Tuesday, January 21, 2014

56th-Annual Starbird-Devlin Custom Car Show. The pride of Wichita

When you think of the early days of car customizing, it’s easy to think that everything worth talking about came from California.  But as it turns out, not every famous car was built by George Barris.  Wichita, Kan., was the unofficial home to one of those A-list builders, a guy by the name of Darryl Starbird.  Starbird created the bubble-topped Predicta, the Lil’ Coffin that was immortalized in model kit and Hot Wheels form, and the Big T, among others.  And for more than a half-century, he has also promoted a big indoor car show in Wichita.  This weekend, I was able to take in the 56th-Annual Starbird-Devlin Car Show at the Century II Arena.  Let’s take a look at some of the fun stuff that was on-hand.

If you want to go strictly traditional, this ’60 Buick known as “Cinnamon” is about as right as it gets.  This thing is straight out of Car Craft, 1963.  Every detail—the paint, the pancaked hood, the deeply Frenched headlights and ’59 Cadillac taillights, the chrome wheels and spider caps, the bucket seats, and even the material used to cover them, are all spot-on for this type of car.  The bongo drums between the seats are also a period-correct touch.  If you want to see the way a high-end custom was put together fifty years ago, this is an excellent example. 

If you’re a regular reader, you’ve probably noticed that I gravitate toward these limited-production GM ‘50s cars.  This 1954 Cadillac Eldorado was gorgeous.  ’54 was the second year for the outrageously priced Eldo, but the car was considerably different.  In ’53, it was a unique, hand-built body, while in ’54 it shared panels with the production Deville.  But it wasn’t a Deville.  This car had more chrome, leather, glitz, and gold than most humans could stand.  As far as I’m concerned, it would have been worth the trip to Wichita just to see this one car.  It was that spectacular—and I really am not exaggerating about that.

My wife’s favorite car was this ’33 Chrysler three-window coupe.  And to her credit, it was pretty spectacular.  We usually see this car at the Ol’ Marais River Run, and it never fails to make an impression.  It mostly looks like a full-on Classic, but make no mistake, this is a modern hot rod.  The wheels in the side-mounts are what it might have come with new, but the wheels on the ground are a present-day interpretation covering new-style brakes and suspension components.  A Chevy LS engine puts the power to the ground, just like a new Corvette.  With this car, you get all of the style of a ritzy ’33 Chrysler, but all of the reliability and creature comforts of today.

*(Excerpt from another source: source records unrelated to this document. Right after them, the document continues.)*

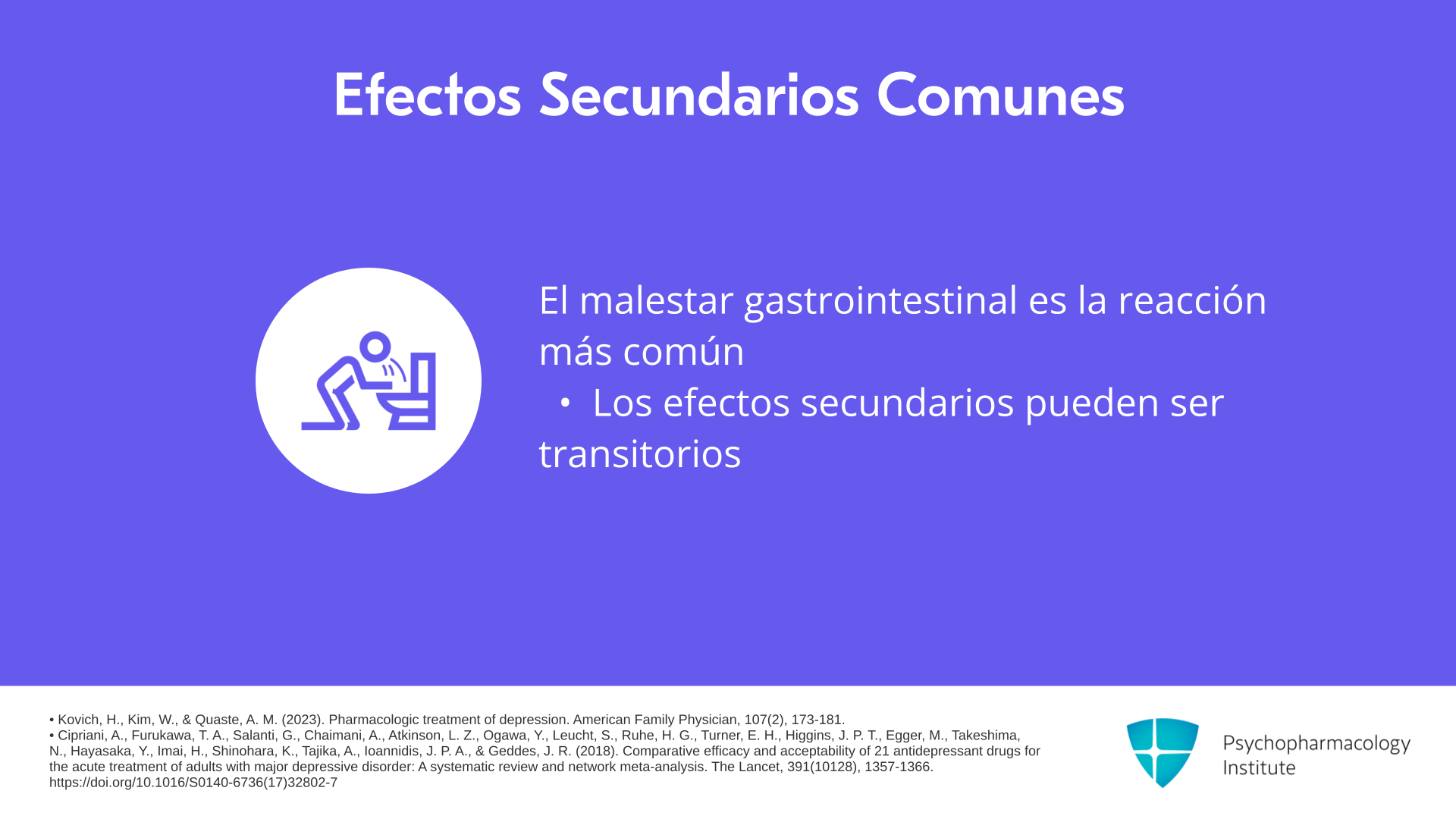 En términos de los efectos secundarios más comunes que vemos, hay muchos receptores serotoninérgicos en nuestro cerebro. También hay muchos receptores serotoninérgicos en nuestro tracto gastrointestinal. Por lo tanto, malestar gastrointestinal, náuseas, vómitos, malestar estomacal, esos tienden a ser los efectos secundarios más comunes que vemos. Sin embargo, estos pueden ser transitorios. Y a veces, continuar con el medicamento o tomarlo con alimentos puede ayudar.
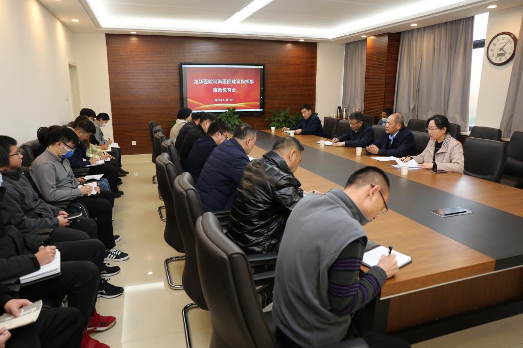 本网讯(文/张马玉 图/李昕)为深入推进全面从严治党,切实加强医院党风廉政建设和反腐败工作,进一步提升医院基建领域廉政风险防控能力,确保龙华医院河南医院建设工作健康平稳开展,营造风清气正的干事创业氛围,2021年12月17日下午,二附院召开龙华医院河南医院建设指挥部集体廉政教育会,院党委书记王海亮,党委副书记、纪委书记王倩,党委副书记胡仕祥出席会议,纪委监察室、审计室、高新区院区建设指挥部、基建办公室、计划财务部、招标办公室等部门负责同志及高新区院区建设指挥部全体人员参加会议。会议由纪委副书记张正国主持。
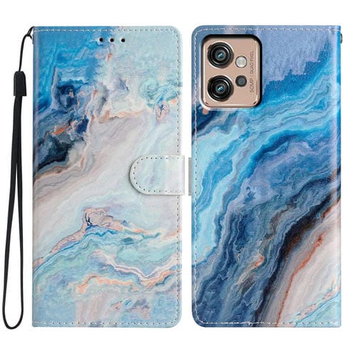 Funda de Cuero para Motorola Moto G32 con Dibujo Coloreado (Mármol Azul)
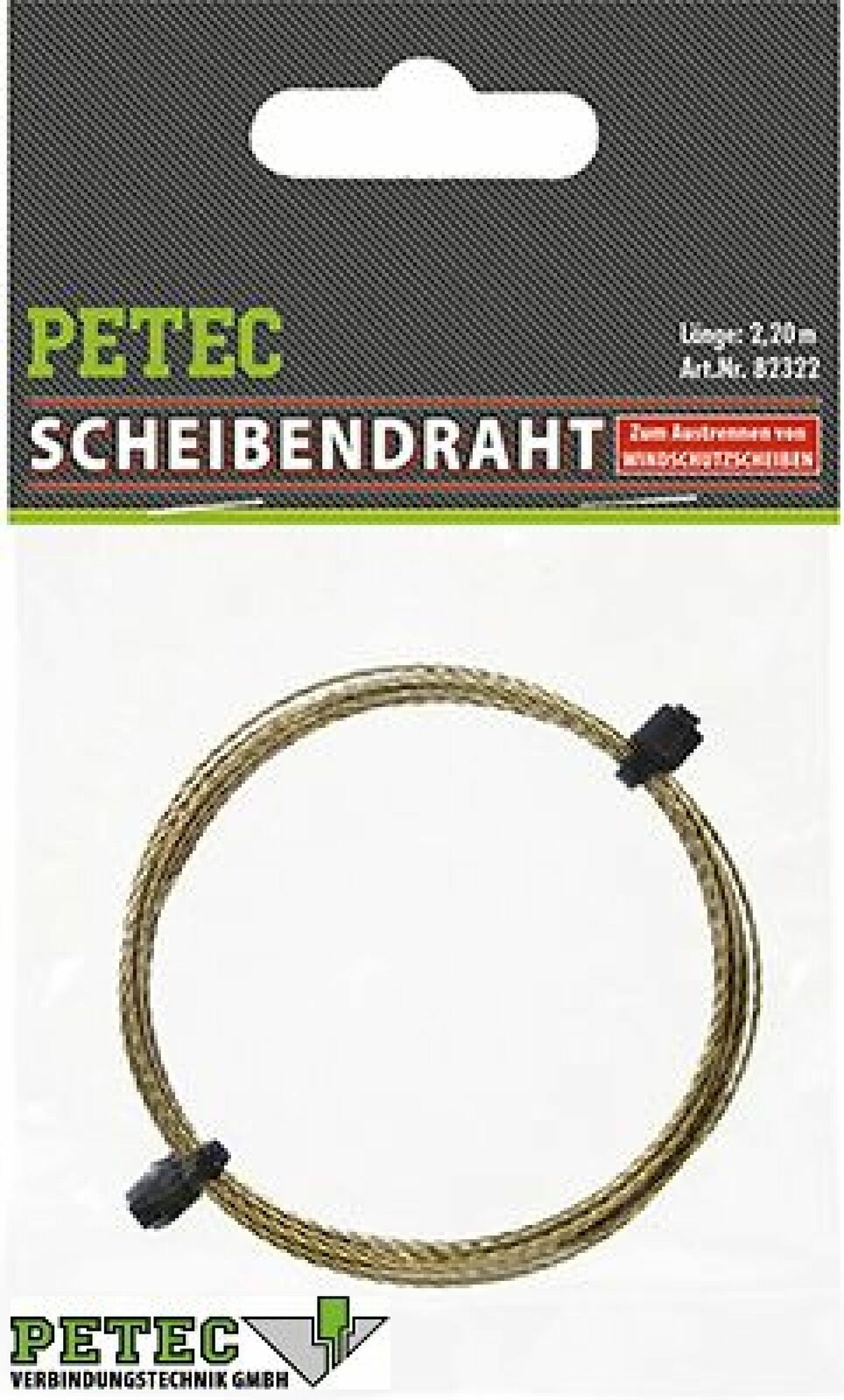 Scheibendraht mit einem Durchstechwerkzeug durch die Kleberaupe der Scheibe stechen. Den Scheibendraht an die Halteg-riffe befestigen und mit Hilfe eines zweiten Manns die Scheibe austrennen. (Download der PETEC-Einbauanleitung, Datenblätter und Anwendungsvideo unter www.petec.de)
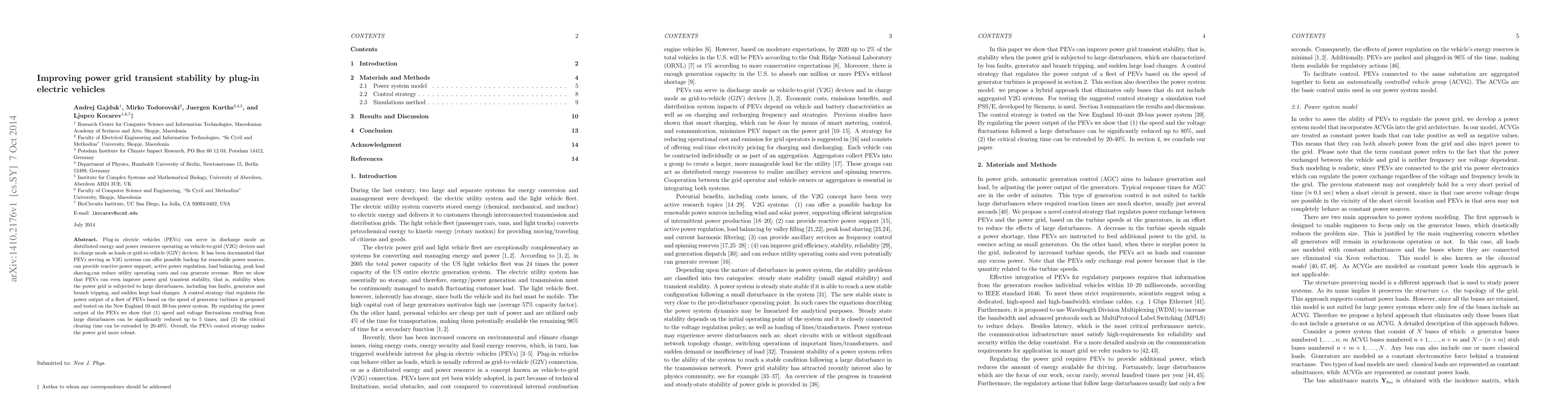 Plug-in electric vehicles (PEVs) can serve in discharge mode as distributed energy and power resources operating as vehicle-to-grid (V2G) devices and in charge mode as loads or grid-to-vehicle (G2V) devices. It has been documented that PEVs serving as V2G systems can offer possible backup for renewable power sources, can provide reactive power support, active power regulation, load balancing, peak load shaving,% and current harmonic filtering, can provide ancillary services as frequency control and spinning reserves, can improve grid efficiency, stability, reliability, and generation dispatch, can reduce utility operating costs and can generate revenue. Here we show that PEVs can even improve power grid transient stability, that is, stability when the power grid is subjected to large disturbances, including bus faults, generator and branch tripping, and sudden large load changes. A control strategy that regulates the power output of a fleet of PEVs based on the speed of generator turbines is proposed and tested on the New England 10-unit 39-bus power system. By regulating the power output of the PEVs we show that (1) speed and voltage fluctuations resulting from large disturbances can be significantly reduced up to 5 times, and (2) the critical clearing time can be extended by 20-40%. Overall, the PEVs control strategy makes the power grid more robust.
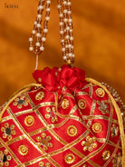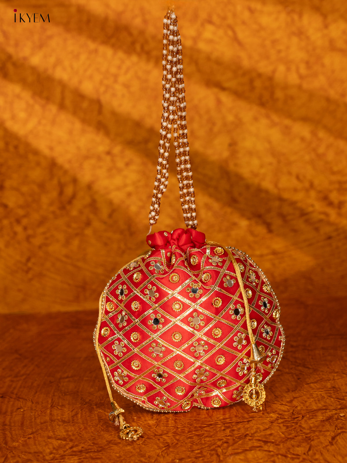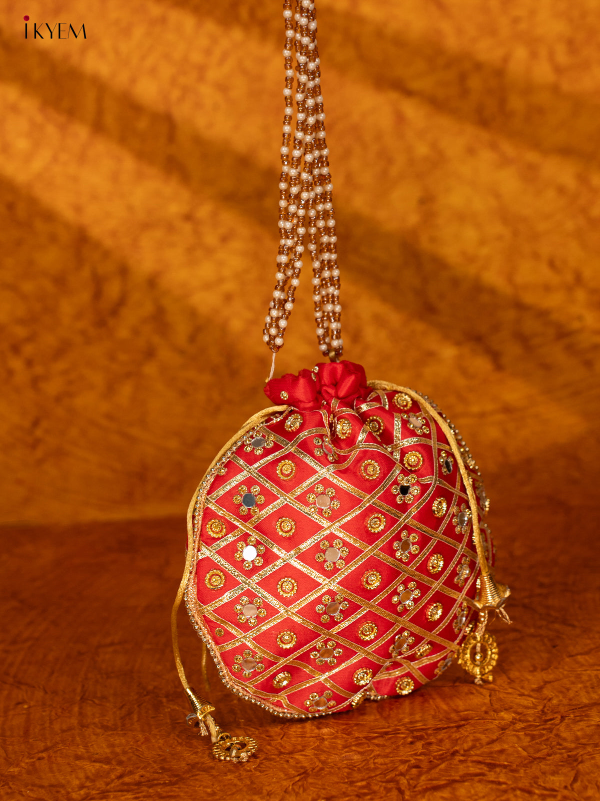 - This red Designer Potli Bag is the perfect accessory for any occasion.
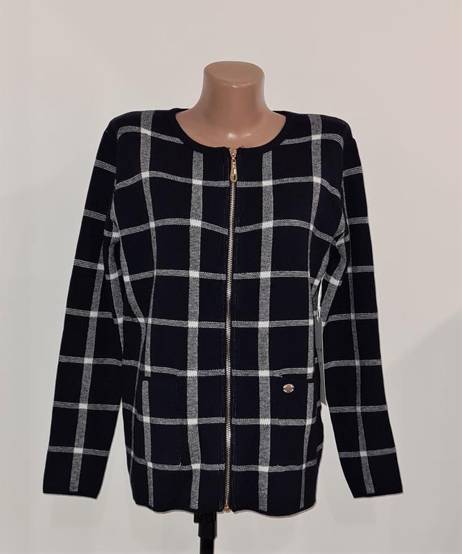 Очень красивая кофточка в клеточку на молнии. Цвет темно-синий, клеточки белые. Есть два карманчика. Размер S-M (полномерный, 48-52р.): объем по груди 102 см, объем по низу 100 см, плечо спущенное 11.5 см, рукав 55.5 см, длина по спине 60 см. Состав: 75% шерсть, 10% кашемир, 15% эластан.

This ’63 Ford Galaxie 500, with all its fancy scallops, fades, and panel paint, belongs to Travis Scanlon.  Travis travels to traditional car shows all over the Midwest and takes pictures of them for his Royboy Productions website.  This old car gets a lot of use.  The paint is pretty cool, but other than that, it looks like a nice, original car.  It’s amazing what just a little paint can do to completely transform something.  I’ll bet whoever bought this car new never imagined it would be sitting there looking like that in 2014.

Here’s a ’39 Ford sedan that proves that simpler is sometimes better when building a hot rod.  There are no radical body modifications or anything outstanding here.  It just has deep black paint, subtle pinstriping, and a whole lot of TLC.  The interior is absolutely perfect, with pleated Naugahyde inserts nestled inside bright red bolsters.  ’57 Cadillac full wheelcovers wrapped with wide whitewall radials complete the look.  A venerable Chevy 350 provides the power.  What a great looking car.

You can’t look at this ’59 Nash Metropolitan and not crack a smile.  This little two-tone pink Metro was one of the nicest I’ve ever seen.  It wasn’t exactly a hot rod, but it did have some sharp, hand-painted pinstripes.  We did that hood ornament story last week, and this had a really spectacular chrome naked lady flying on an air blade or something.  I love the little model kit box that they made to display with this.  You’d have to have a heart of stone not to appreciate this cute little bugger.